I have a problem synching my iPod with Itunes. When I connect my iPod to my PC often it won't recognise the Ipod at all, but when it does, it says it is synching and the Ipod then appears as a device on the side bar. After a minute or so, a window pops up and says it can't detect a device in Drive E: None of the options on this window respond, and after closing this window it throws me out of iTunes altogether and then I can't log back in without rebooting.


----------



## Snoopdogie187 (Jun 27, 2002)

Hi, and welcome to the forum.
Im not sure if this is your issue, but it might be a bad connection. You might at times have the cable just right to work, and then it moves and losses that connection.
It would be easiest to test this if you have a second computer. Use the same cable on that computer and see if you get the same results. you can also use a different cable on your current computer and try that.

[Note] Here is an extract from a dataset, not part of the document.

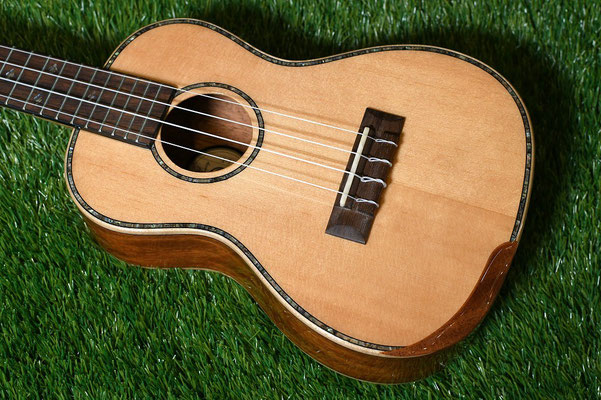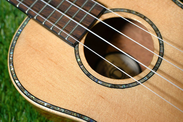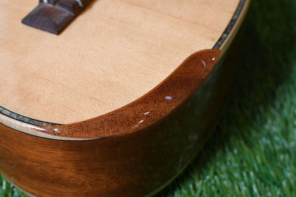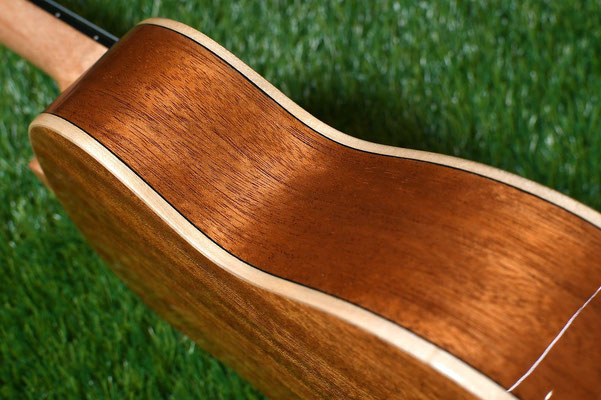 さらにはウクレレを構えた際に肘が当たる部分の角を取る加工であるエルボーコンター仕様!

For iTunes, when it does that again, right click the bar on the bottom of your screen and select Task Manager. In there go to the Processes tab. In the list look for itunes and select it. Hit End Process and then try to open itunes again. (this is only a temp fix, not a permanent solution)

If that helps, then something happens with itunes and it got closed but never fully closed and since you can't run iTunes twice on the same computer it won't open.

I would also recommend you you uninstall iTunes and download a fresh copy and install that and try again.


----------